-- Action item --
Beginning with the line that has "图3. SOT-MRAM sr-PUF性能评估" and ending with the line that has "June, 1949, Loudoun", retype the entries below exactly, except for the pictures.

-- Information supplied --
*** Block opens ***
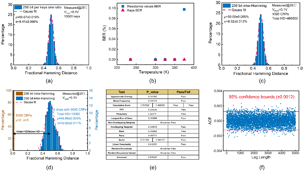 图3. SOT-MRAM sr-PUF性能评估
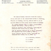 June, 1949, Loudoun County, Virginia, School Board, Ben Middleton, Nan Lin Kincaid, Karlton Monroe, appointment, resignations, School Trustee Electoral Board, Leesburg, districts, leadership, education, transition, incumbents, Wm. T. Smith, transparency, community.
*** Block closes ***
*** Block opens ***
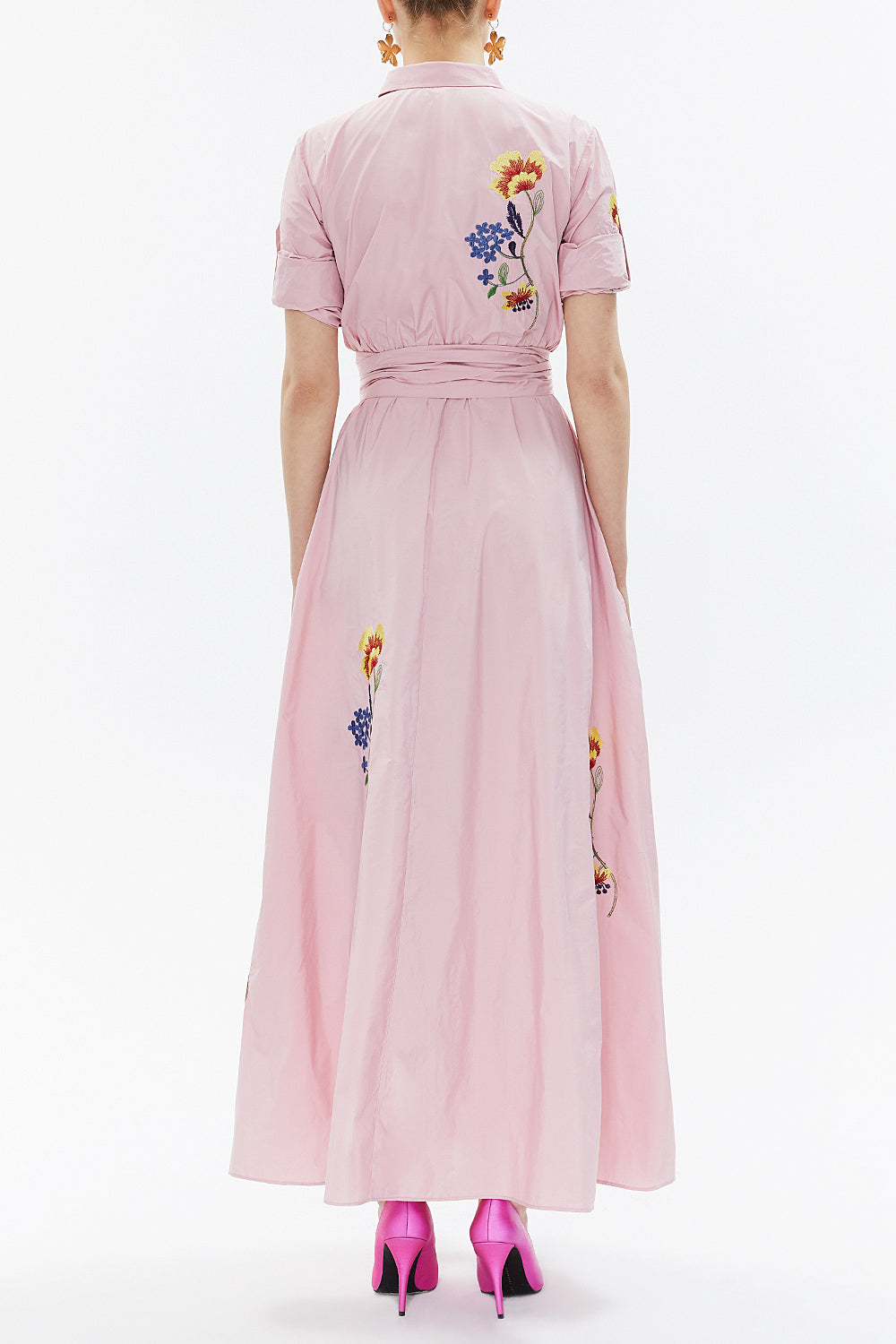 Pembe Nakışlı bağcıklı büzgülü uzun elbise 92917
*** Block closes ***
-- Final answer --
 图3. SOT-MRAM sr-PUF性能评估
 June, 1949, Loudoun County, Virginia, School Board, Ben Middleton, Nan Lin Kincaid, Karlton Monroe, appointment, resignations, School Trustee Electoral Board, Leesburg, districts, leadership, education, transition, incumbents, Wm. T. Smith, transparency, community.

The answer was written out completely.